• Stored items
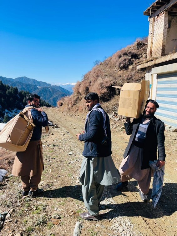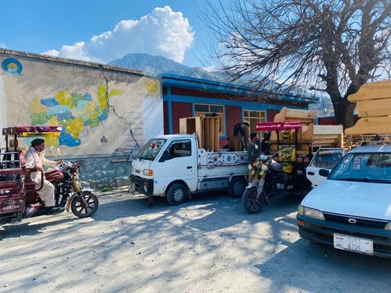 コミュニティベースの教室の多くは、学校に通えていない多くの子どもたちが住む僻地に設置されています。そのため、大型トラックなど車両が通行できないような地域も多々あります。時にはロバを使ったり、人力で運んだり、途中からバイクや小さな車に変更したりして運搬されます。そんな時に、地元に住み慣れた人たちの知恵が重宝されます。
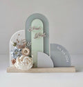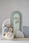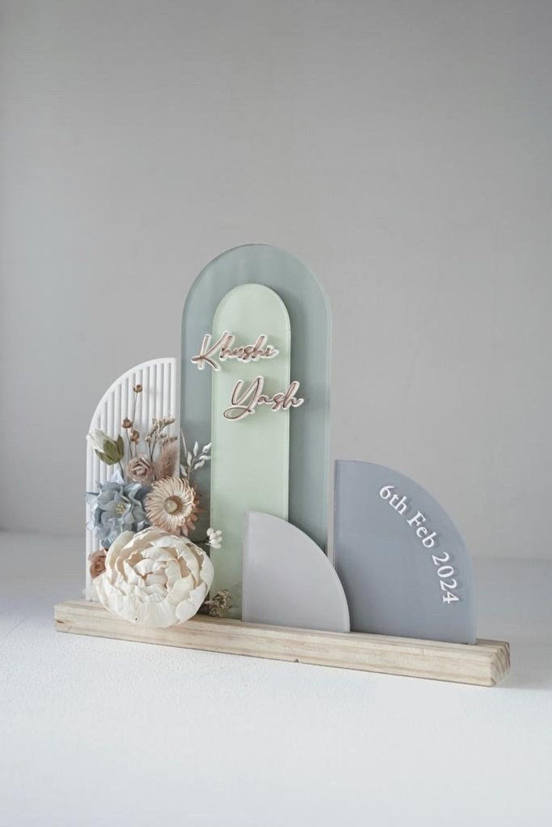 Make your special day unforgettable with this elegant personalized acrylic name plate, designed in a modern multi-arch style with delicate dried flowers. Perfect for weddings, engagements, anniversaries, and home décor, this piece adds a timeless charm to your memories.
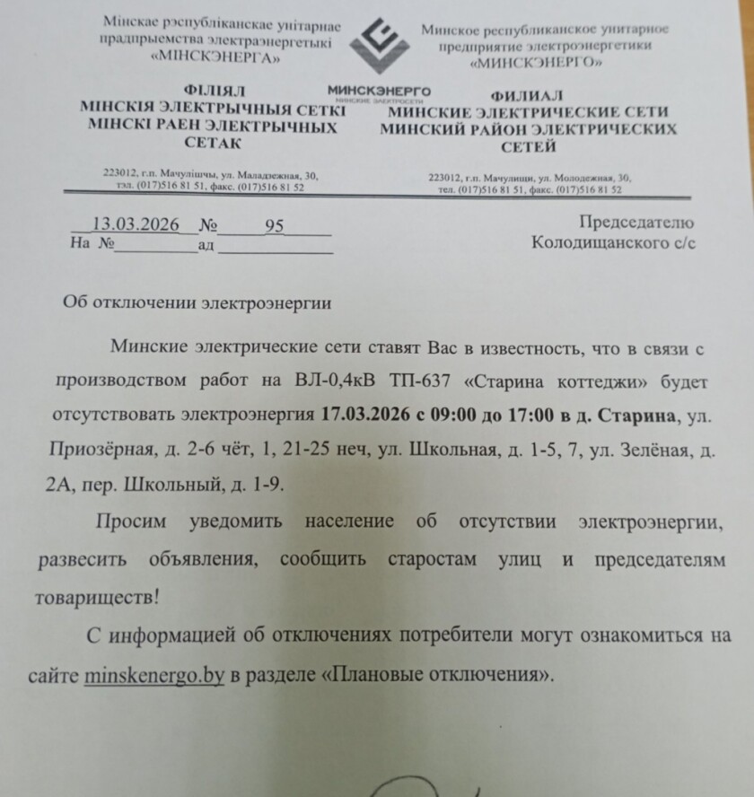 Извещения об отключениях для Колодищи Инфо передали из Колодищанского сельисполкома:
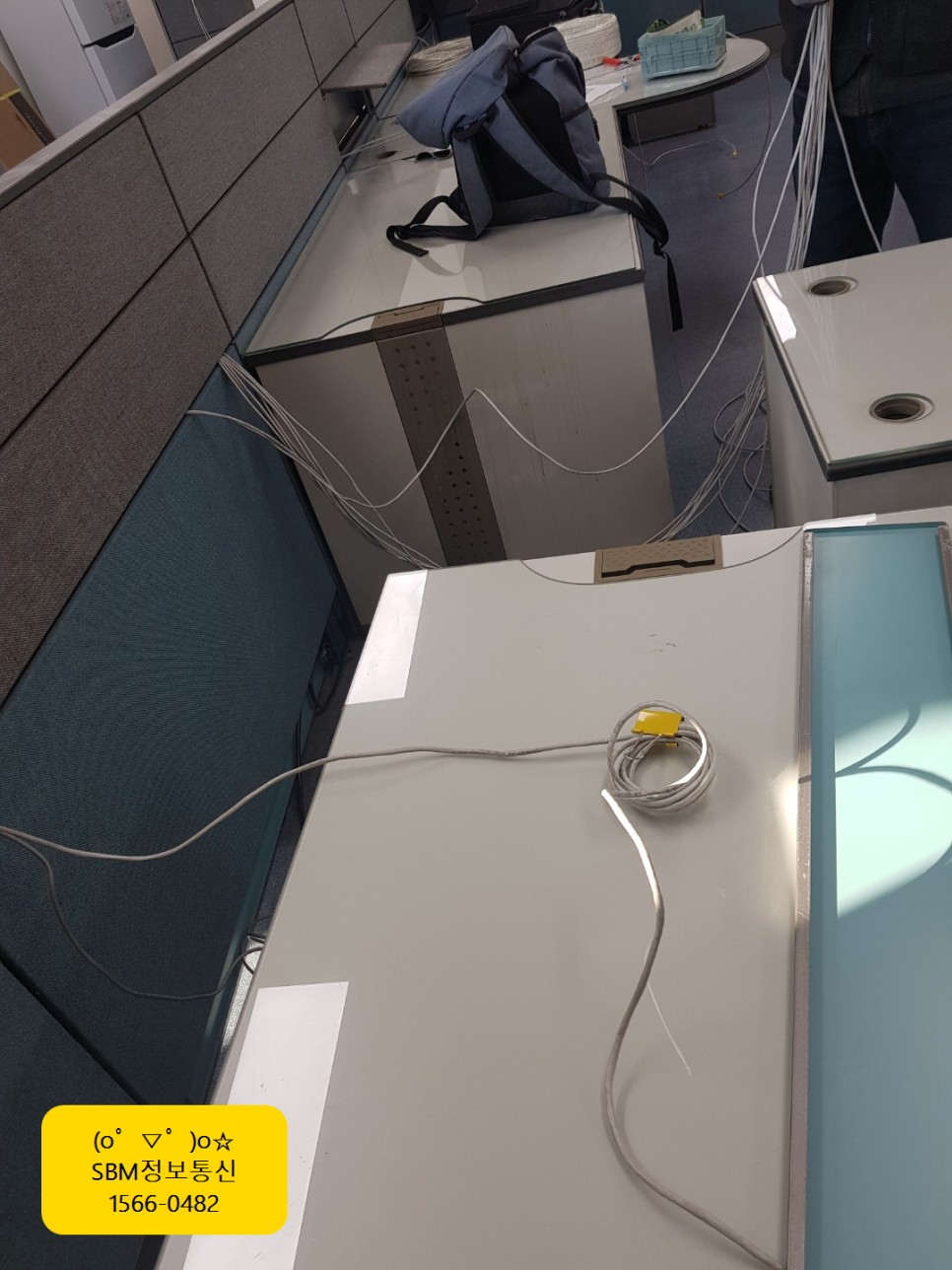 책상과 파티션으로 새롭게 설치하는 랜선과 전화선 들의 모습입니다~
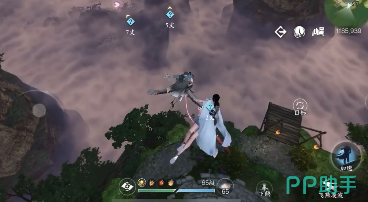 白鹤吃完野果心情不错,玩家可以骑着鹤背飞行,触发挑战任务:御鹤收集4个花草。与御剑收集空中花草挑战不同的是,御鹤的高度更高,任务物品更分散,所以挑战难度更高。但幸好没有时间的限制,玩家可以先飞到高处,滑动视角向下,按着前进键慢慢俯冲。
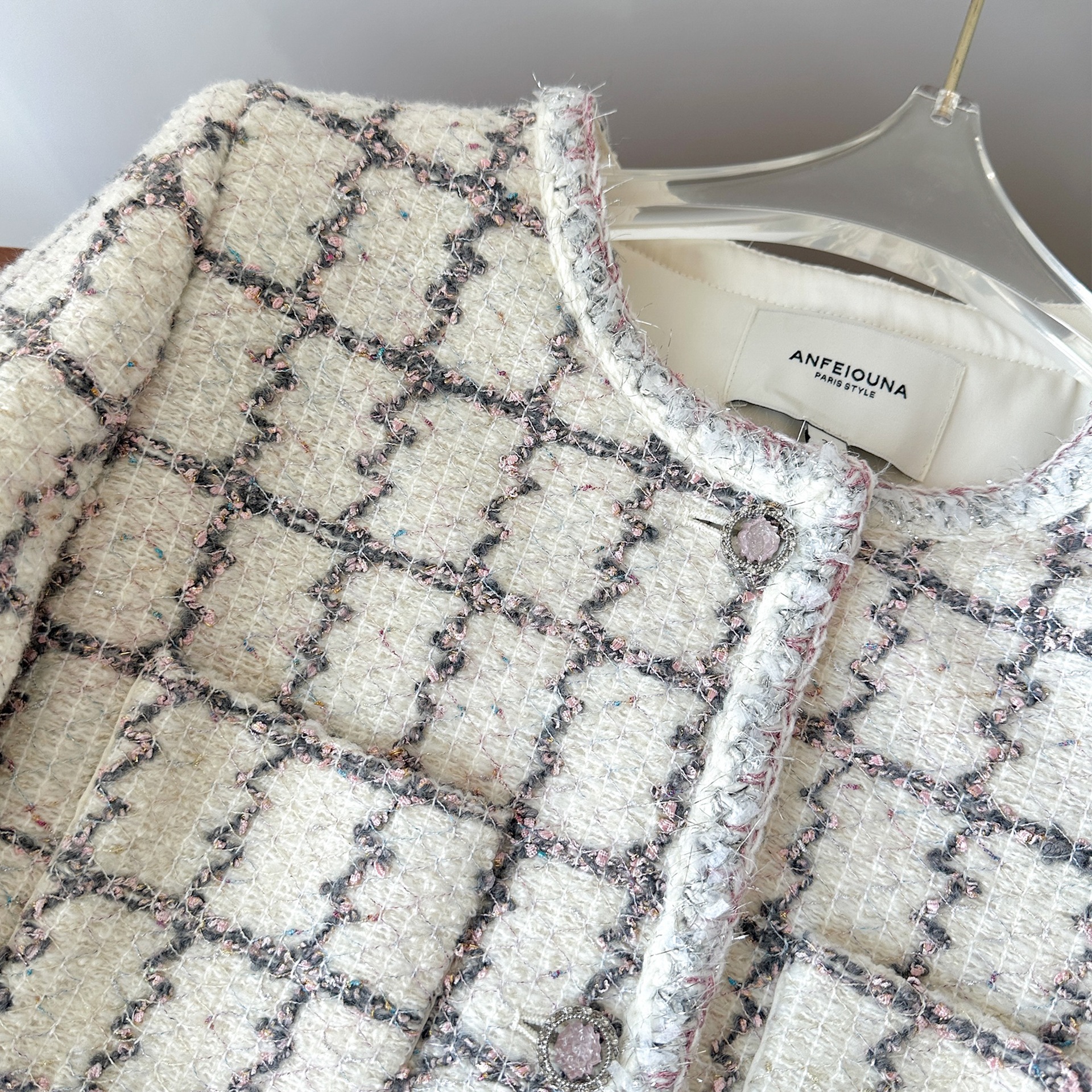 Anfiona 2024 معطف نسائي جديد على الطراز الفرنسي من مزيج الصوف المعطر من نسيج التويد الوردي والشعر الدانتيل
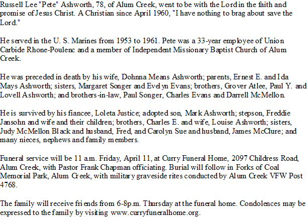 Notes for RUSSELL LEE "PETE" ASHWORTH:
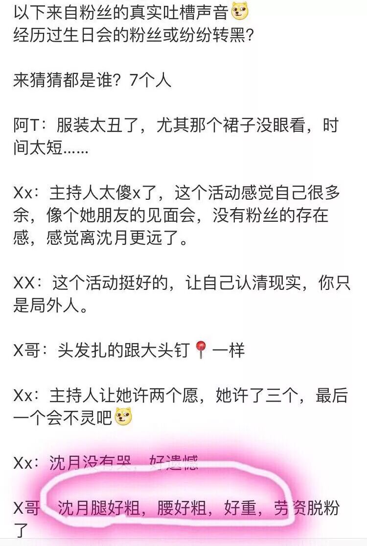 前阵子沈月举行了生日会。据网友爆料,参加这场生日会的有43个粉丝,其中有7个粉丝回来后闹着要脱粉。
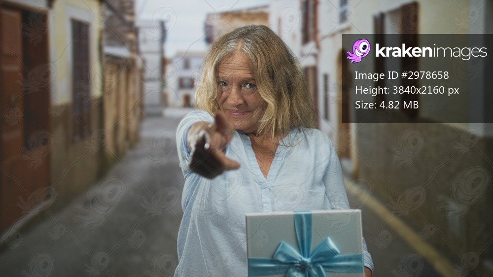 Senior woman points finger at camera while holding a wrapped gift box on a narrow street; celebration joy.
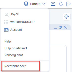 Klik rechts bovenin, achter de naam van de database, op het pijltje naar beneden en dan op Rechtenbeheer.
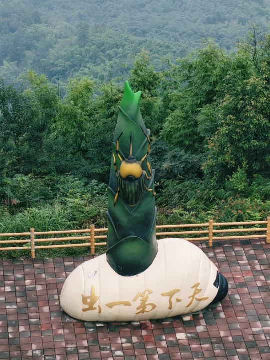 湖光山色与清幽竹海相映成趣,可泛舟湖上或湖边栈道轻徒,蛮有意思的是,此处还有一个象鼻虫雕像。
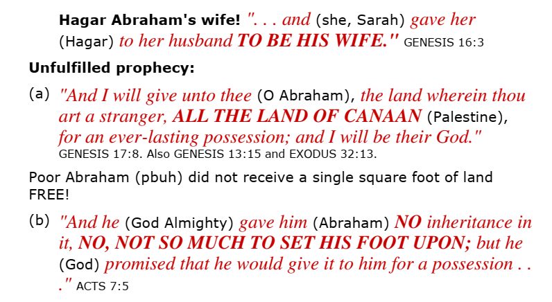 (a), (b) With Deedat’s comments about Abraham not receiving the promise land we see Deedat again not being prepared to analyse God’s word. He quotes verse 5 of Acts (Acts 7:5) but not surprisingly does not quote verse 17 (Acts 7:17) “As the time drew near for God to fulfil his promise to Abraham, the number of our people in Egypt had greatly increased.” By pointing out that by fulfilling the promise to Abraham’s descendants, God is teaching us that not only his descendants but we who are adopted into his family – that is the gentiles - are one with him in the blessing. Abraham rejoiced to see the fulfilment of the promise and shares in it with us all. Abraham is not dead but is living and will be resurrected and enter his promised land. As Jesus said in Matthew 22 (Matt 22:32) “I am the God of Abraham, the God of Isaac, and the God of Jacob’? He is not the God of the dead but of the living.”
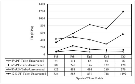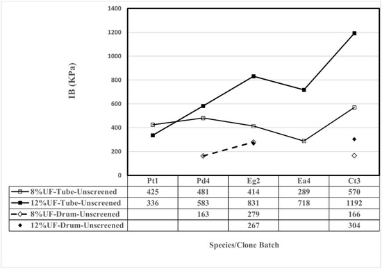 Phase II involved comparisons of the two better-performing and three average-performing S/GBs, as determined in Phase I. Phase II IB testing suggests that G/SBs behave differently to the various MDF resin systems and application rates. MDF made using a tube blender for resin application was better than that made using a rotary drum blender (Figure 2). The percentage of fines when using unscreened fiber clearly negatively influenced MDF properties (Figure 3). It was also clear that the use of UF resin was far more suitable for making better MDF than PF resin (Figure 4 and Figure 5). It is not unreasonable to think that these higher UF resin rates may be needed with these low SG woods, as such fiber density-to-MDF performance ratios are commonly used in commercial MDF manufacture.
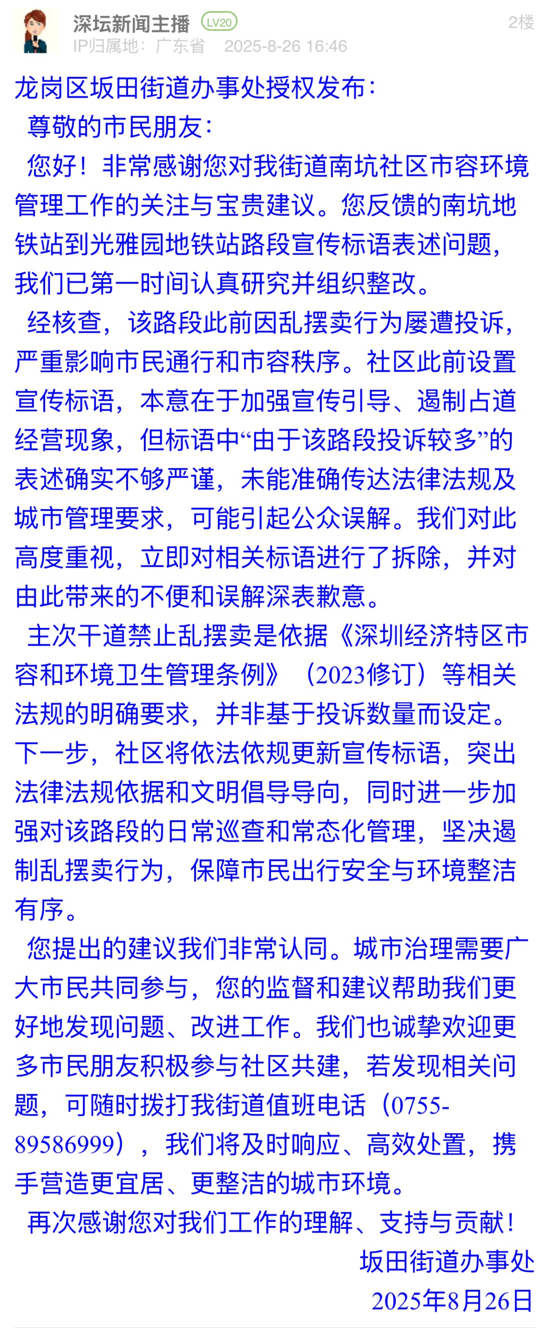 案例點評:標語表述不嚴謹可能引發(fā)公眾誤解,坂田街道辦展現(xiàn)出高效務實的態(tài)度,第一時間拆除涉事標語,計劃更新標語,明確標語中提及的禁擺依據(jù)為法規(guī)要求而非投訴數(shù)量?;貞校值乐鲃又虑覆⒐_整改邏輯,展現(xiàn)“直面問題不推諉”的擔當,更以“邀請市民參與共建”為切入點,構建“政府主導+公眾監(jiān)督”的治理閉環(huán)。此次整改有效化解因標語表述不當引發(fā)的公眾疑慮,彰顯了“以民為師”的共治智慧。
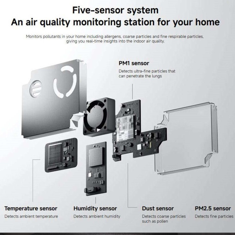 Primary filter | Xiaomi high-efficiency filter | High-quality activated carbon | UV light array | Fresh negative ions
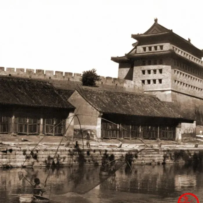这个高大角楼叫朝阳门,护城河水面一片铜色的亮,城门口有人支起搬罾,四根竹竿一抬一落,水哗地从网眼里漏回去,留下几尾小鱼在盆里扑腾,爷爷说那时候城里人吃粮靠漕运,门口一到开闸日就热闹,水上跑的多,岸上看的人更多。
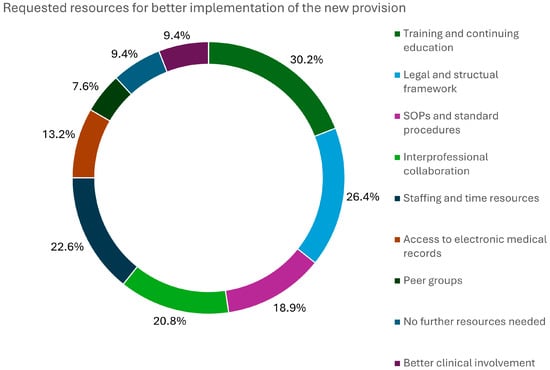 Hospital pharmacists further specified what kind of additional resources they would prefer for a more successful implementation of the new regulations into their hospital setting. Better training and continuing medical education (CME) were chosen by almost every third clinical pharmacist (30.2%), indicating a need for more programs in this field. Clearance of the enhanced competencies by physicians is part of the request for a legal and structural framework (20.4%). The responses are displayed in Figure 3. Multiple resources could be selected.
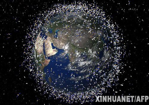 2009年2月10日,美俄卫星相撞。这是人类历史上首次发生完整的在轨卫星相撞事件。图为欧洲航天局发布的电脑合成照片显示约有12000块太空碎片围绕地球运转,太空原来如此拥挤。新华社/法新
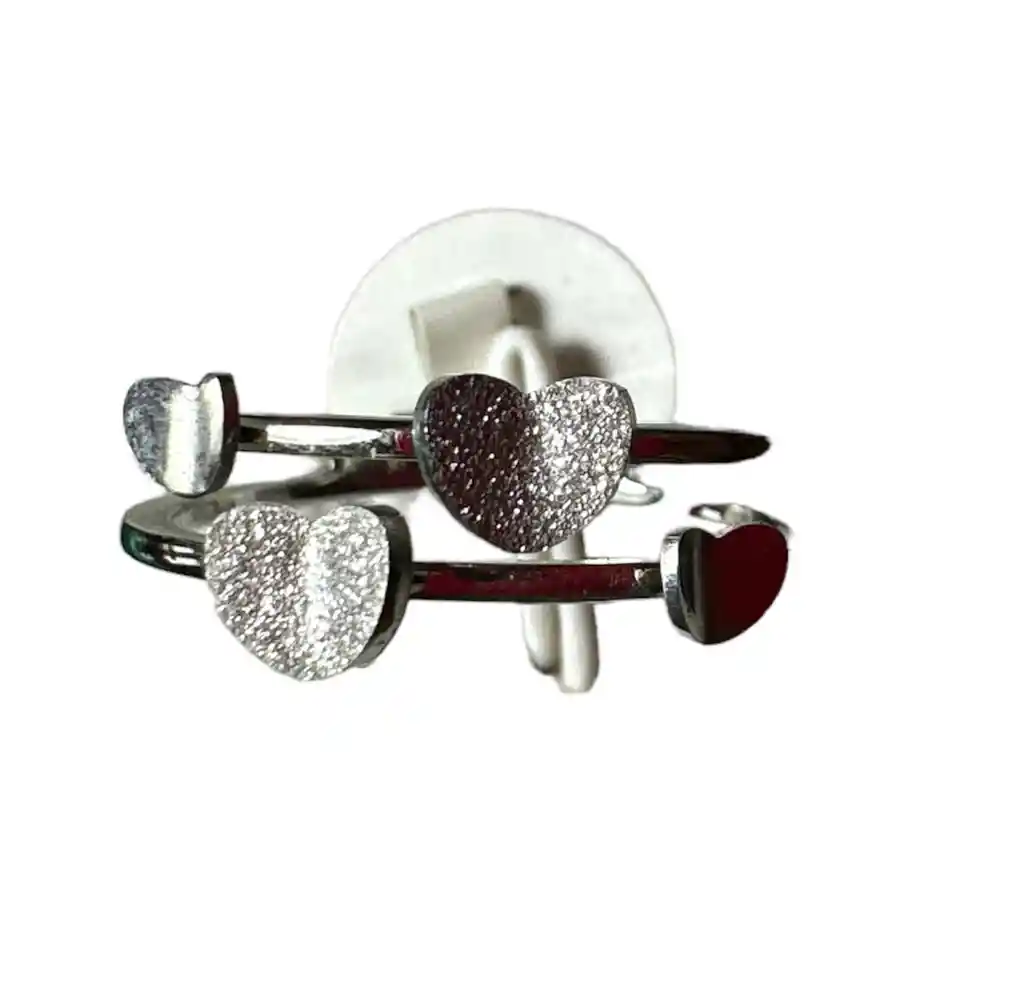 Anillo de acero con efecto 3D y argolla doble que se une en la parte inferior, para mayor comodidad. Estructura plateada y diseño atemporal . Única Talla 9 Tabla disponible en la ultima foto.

• TO DO
The answer must be the lines of the entries above, written out exactly from the first through the one with "湖光山色与清幽竹海相映成趣,可泛舟湖上或", and no pictures.

• THE ANSWER
 コミュニティベースの教室の多くは、学校に通えていない多くの子どもたちが住む僻地に設置されています。そのため、大型トラックなど車両が通行できないような地域も多々あります。時にはロバを使ったり、人力で運んだり、途中からバイクや小さな車に変更したりして運搬されます。そんな時に、地元に住み慣れた人たちの知恵が重宝されます。
 Make your special day unforgettable with this elegant personalized acrylic name plate, designed in a modern multi-arch style with delicate dried flowers. Perfect for weddings, engagements, anniversaries, and home décor, this piece adds a timeless charm to your memories.
 Извещения об отключениях для Колодищи Инфо передали из Колодищанского сельисполкома:
 책상과 파티션으로 새롭게 설치하는 랜선과 전화선 들의 모습입니다~
 白鹤吃完野果心情不错,玩家可以骑着鹤背飞行,触发挑战任务:御鹤收集4个花草。与御剑收集空中花草挑战不同的是,御鹤的高度更高,任务物品更分散,所以挑战难度更高。但幸好没有时间的限制,玩家可以先飞到高处,滑动视角向下,按着前进键慢慢俯冲。
 Anfiona 2024 معطف نسائي جديد على الطراز الفرنسي من مزيج الصوف المعطر من نسيج التويد الوردي والشعر الدانتيل
 Notes for RUSSELL LEE "PETE" ASHWORTH:
 前阵子沈月举行了生日会。据网友爆料,参加这场生日会的有43个粉丝,其中有7个粉丝回来后闹着要脱粉。
 Senior woman points finger at camera while holding a wrapped gift box on a narrow street; celebration joy.
 Klik rechts bovenin, achter de naam van de database, op het pijltje naar beneden en dan op Rechtenbeheer.
 湖光山色与清幽竹海相映成趣,可泛舟湖上或湖边栈道轻徒,蛮有意思的是,此处还有一个象鼻虫雕像。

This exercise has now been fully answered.